Top of Raw data

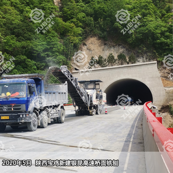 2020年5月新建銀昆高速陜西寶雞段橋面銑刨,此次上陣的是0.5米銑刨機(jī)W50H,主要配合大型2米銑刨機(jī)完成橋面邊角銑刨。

Bottom of Raw data
Top of Raw data

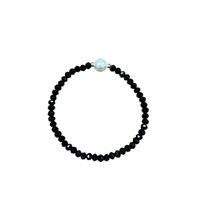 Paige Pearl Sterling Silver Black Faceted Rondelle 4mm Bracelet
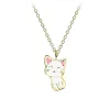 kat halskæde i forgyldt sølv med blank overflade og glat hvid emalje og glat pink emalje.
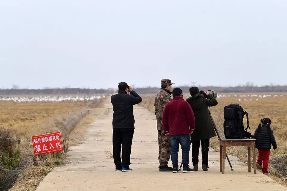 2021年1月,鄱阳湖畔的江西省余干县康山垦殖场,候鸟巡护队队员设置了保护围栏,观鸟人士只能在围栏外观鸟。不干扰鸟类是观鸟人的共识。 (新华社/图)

Bottom of Raw data
Top of Raw data

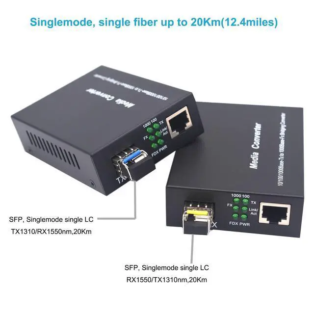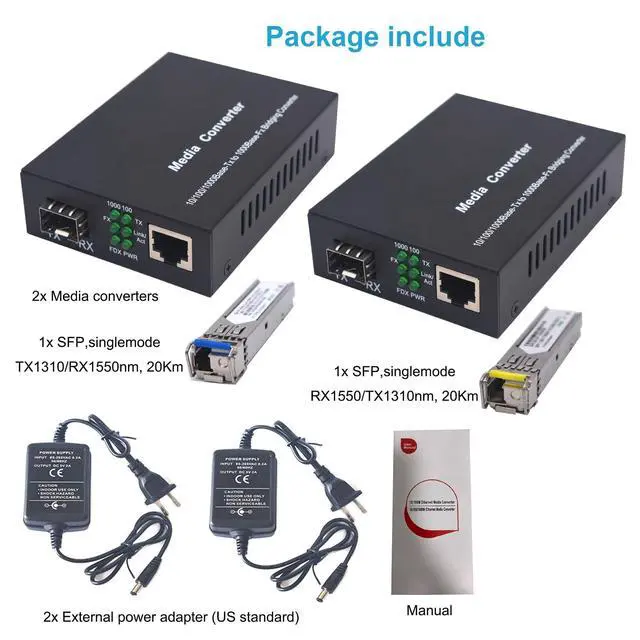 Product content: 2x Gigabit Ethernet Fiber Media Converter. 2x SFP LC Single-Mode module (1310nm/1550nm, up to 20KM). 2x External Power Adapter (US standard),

Bottom of Raw data

* **Your objective**:
Lines wanted from the entries above: the one with "Paige Pearl Sterling", the one with "2021年1月,鄱阳湖畔的江", and all lines between. Please copy them exactly, without the pictures and without anything else.

* **Answer for the task**:
 Paige Pearl Sterling Silver Black Faceted Rondelle 4mm Bracelet
 kat halskæde i forgyldt sølv med blank overflade og glat hvid emalje og glat pink emalje.
 2021年1月,鄱阳湖畔的江西省余干县康山垦殖场,候鸟巡护队队员设置了保护围栏,观鸟人士只能在围栏外观鸟。不干扰鸟类是观鸟人的共识。 (新华社/图)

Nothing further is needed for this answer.